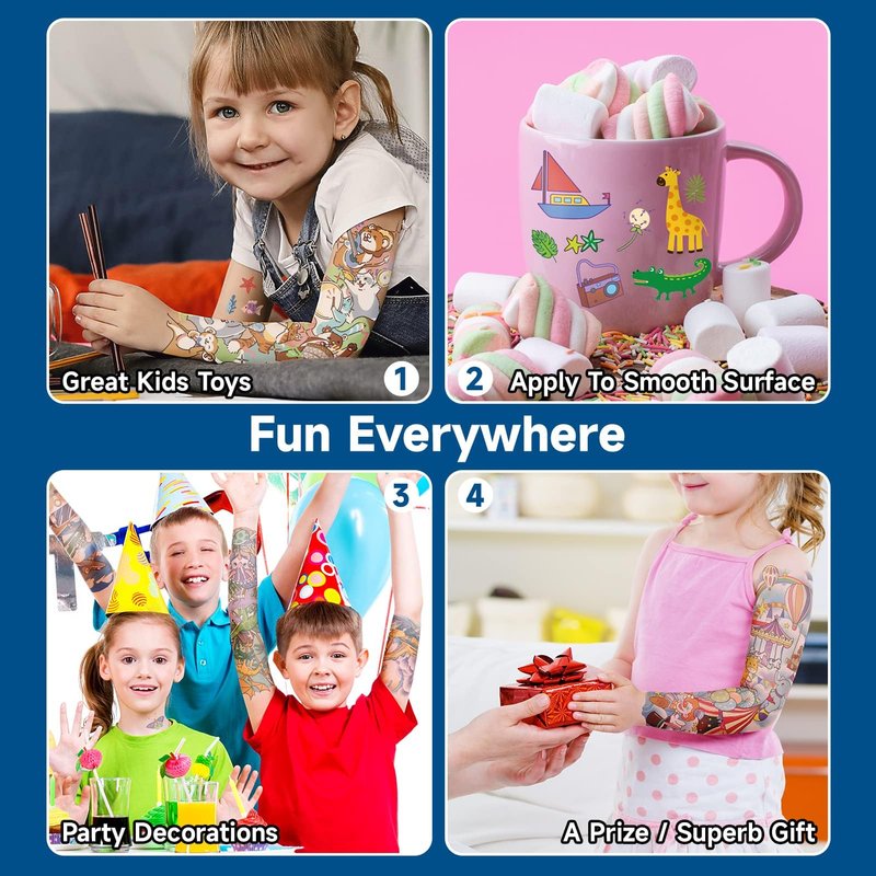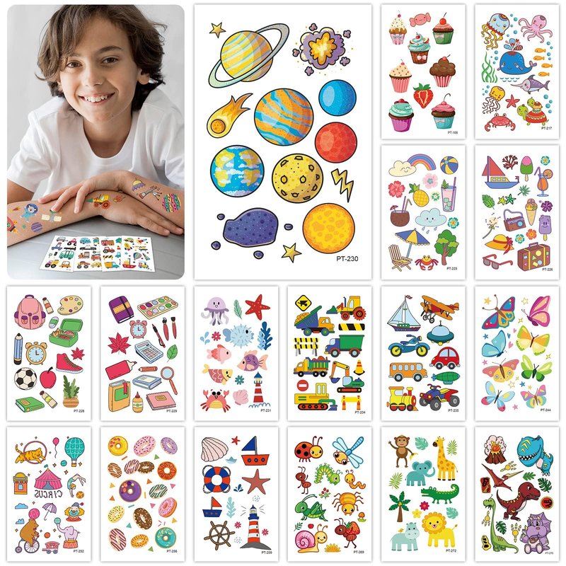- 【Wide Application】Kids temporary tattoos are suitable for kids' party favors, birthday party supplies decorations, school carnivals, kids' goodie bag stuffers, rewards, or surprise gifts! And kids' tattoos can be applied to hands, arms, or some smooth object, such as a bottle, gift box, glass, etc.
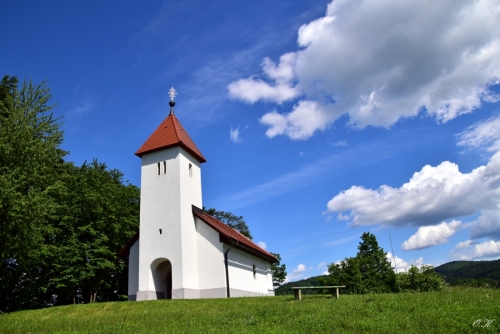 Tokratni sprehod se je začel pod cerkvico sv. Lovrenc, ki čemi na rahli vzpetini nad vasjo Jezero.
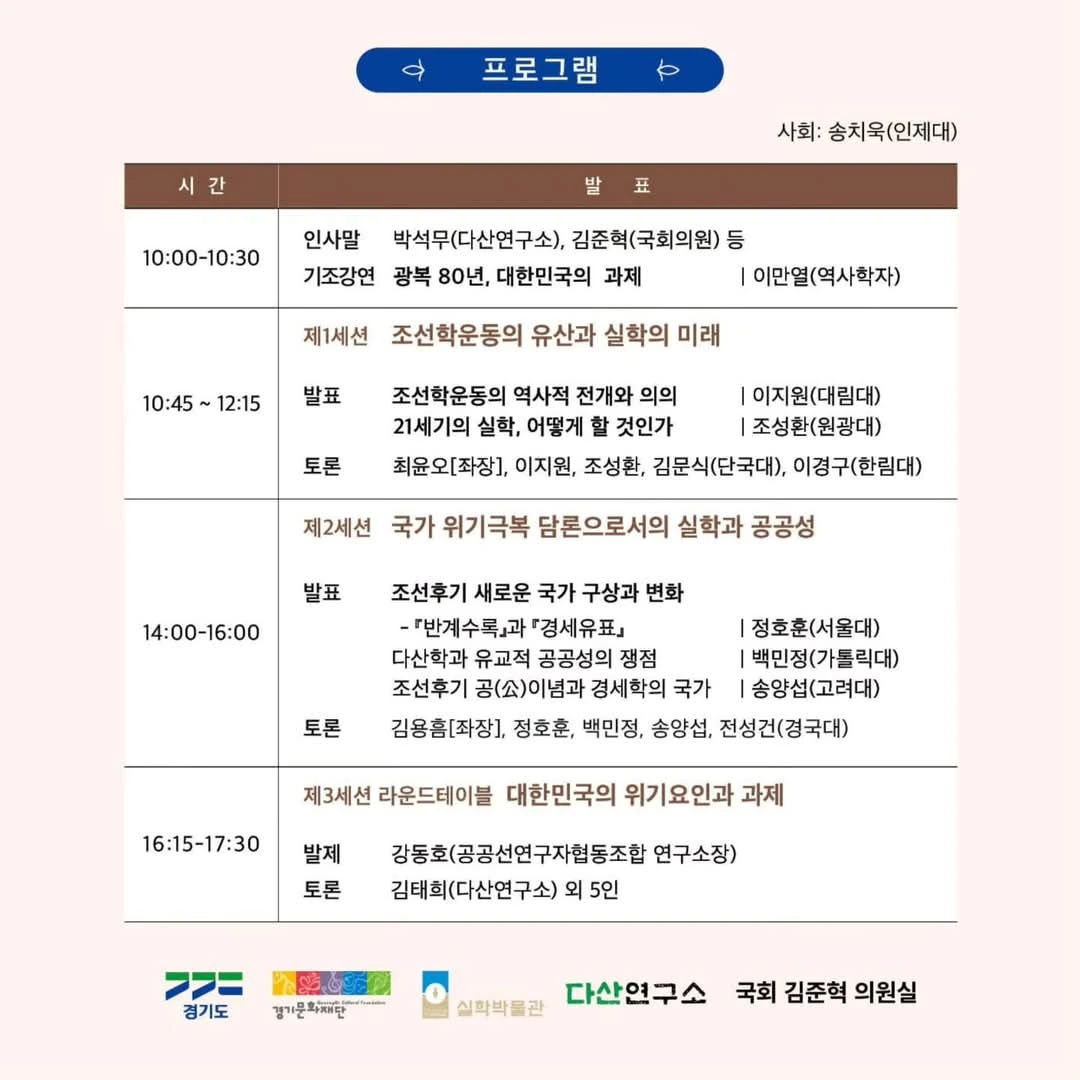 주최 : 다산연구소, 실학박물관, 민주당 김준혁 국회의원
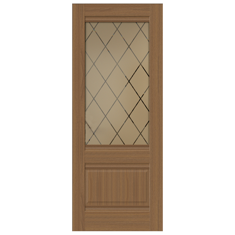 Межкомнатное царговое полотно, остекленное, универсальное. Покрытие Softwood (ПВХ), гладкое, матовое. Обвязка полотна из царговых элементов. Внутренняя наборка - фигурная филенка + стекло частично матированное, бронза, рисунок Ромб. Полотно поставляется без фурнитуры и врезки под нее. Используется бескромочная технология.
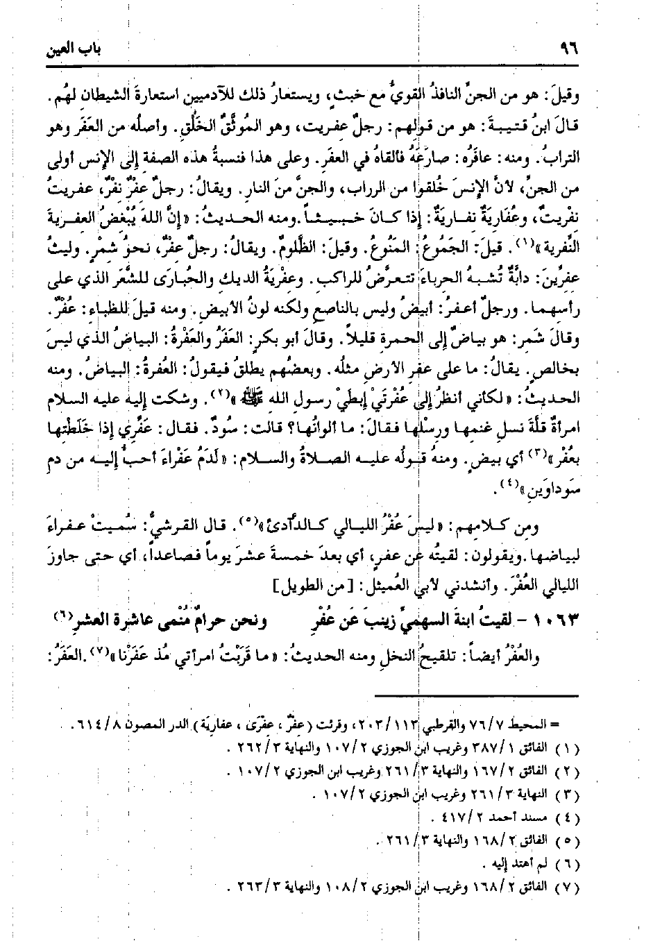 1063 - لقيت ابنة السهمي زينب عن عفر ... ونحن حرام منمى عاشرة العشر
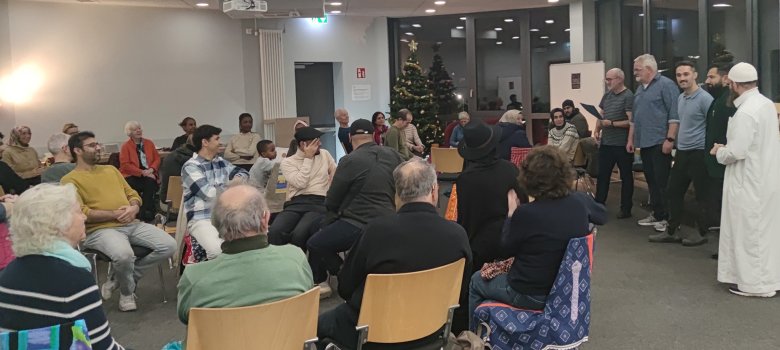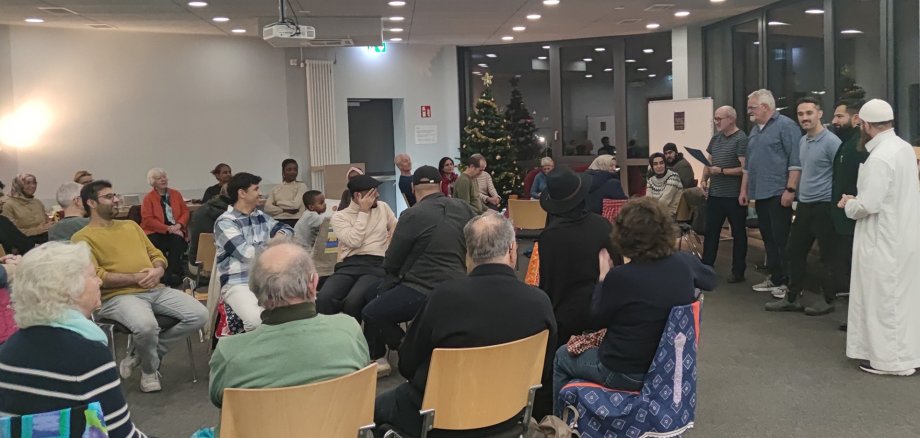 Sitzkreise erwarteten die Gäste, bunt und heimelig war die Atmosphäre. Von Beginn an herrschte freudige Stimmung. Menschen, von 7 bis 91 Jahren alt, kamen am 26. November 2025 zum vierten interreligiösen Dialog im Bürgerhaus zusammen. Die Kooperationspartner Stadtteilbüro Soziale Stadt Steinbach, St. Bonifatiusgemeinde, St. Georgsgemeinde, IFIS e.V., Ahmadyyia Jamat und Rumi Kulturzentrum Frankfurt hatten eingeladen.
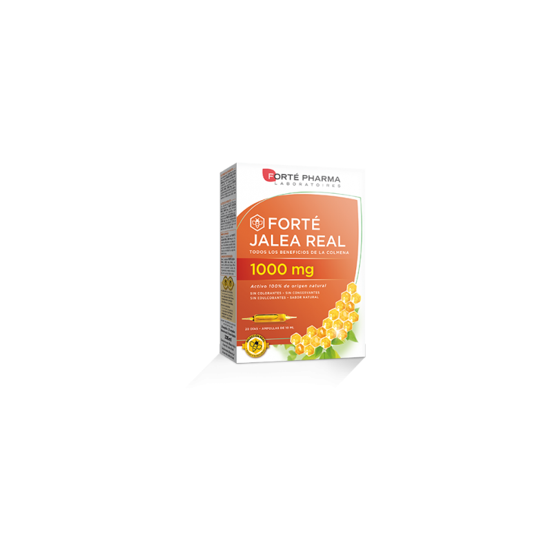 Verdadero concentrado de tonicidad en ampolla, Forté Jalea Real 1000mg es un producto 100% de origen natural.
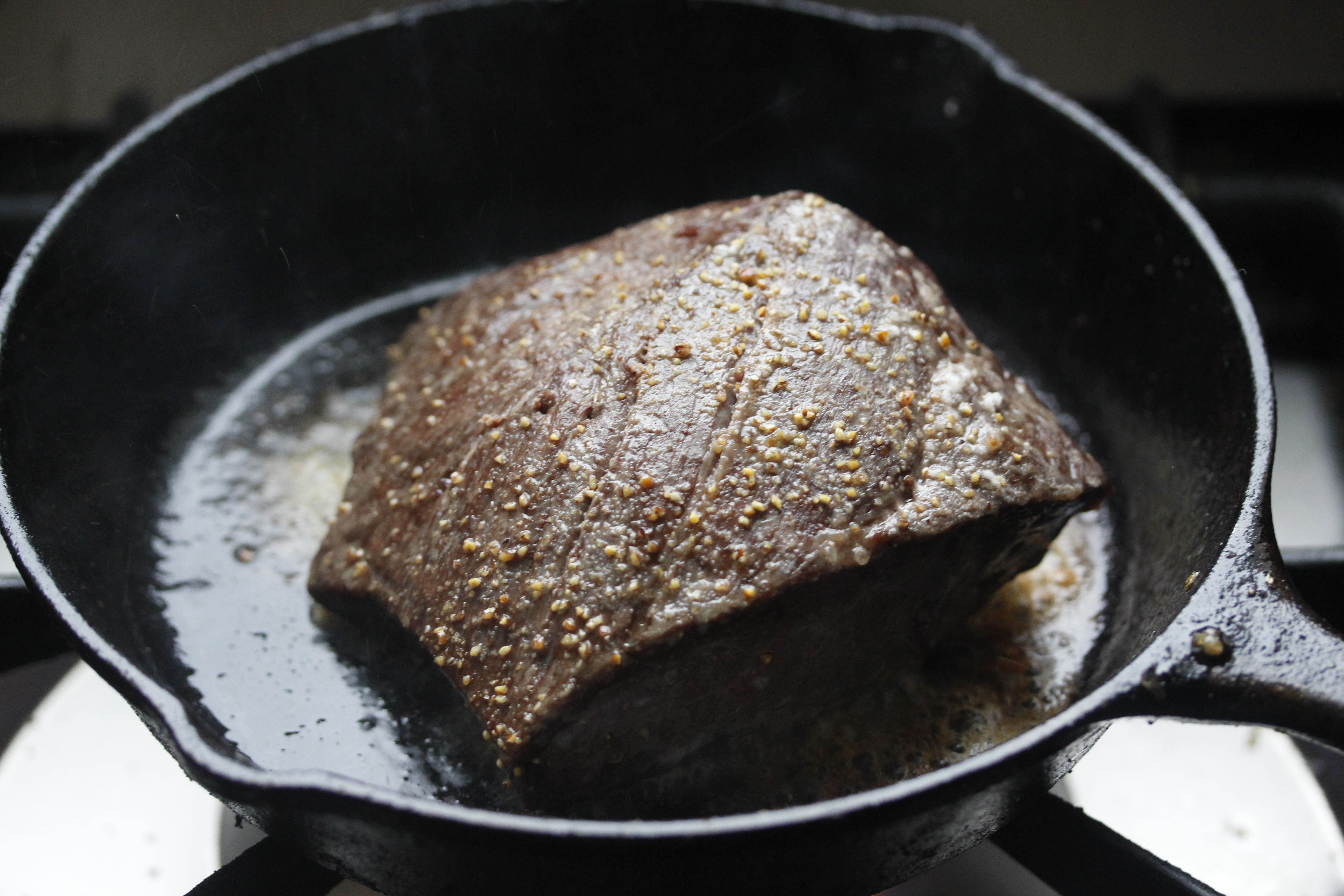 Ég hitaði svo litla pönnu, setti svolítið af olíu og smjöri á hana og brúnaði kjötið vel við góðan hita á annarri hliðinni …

Exercise ▸
Using the data above, print every line exactly, omitting pictures.

Written answer ▸
- 【Wide Application】Kids temporary tattoos are suitable for kids' party favors, birthday party supplies decorations, school carnivals, kids' goodie bag stuffers, rewards, or surprise gifts! And kids' tattoos can be applied to hands, arms, or some smooth object, such as a bottle, gift box, glass, etc.
 Tokratni sprehod se je začel pod cerkvico sv. Lovrenc, ki čemi na rahli vzpetini nad vasjo Jezero.
 주최 : 다산연구소, 실학박물관, 민주당 김준혁 국회의원
 Межкомнатное царговое полотно, остекленное, универсальное. Покрытие Softwood (ПВХ), гладкое, матовое. Обвязка полотна из царговых элементов. Внутренняя наборка - фигурная филенка + стекло частично матированное, бронза, рисунок Ромб. Полотно поставляется без фурнитуры и врезки под нее. Используется бескромочная технология.
 1063 - لقيت ابنة السهمي زينب عن عفر ... ونحن حرام منمى عاشرة العشر
 Sitzkreise erwarteten die Gäste, bunt und heimelig war die Atmosphäre. Von Beginn an herrschte freudige Stimmung. Menschen, von 7 bis 91 Jahren alt, kamen am 26. November 2025 zum vierten interreligiösen Dialog im Bürgerhaus zusammen. Die Kooperationspartner Stadtteilbüro Soziale Stadt Steinbach, St. Bonifatiusgemeinde, St. Georgsgemeinde, IFIS e.V., Ahmadyyia Jamat und Rumi Kulturzentrum Frankfurt hatten eingeladen.
 Verdadero concentrado de tonicidad en ampolla, Forté Jalea Real 1000mg es un producto 100% de origen natural.
 Ég hitaði svo litla pönnu, setti svolítið af olíu og smjöri á hana og brúnaði kjötið vel við góðan hita á annarri hliðinni …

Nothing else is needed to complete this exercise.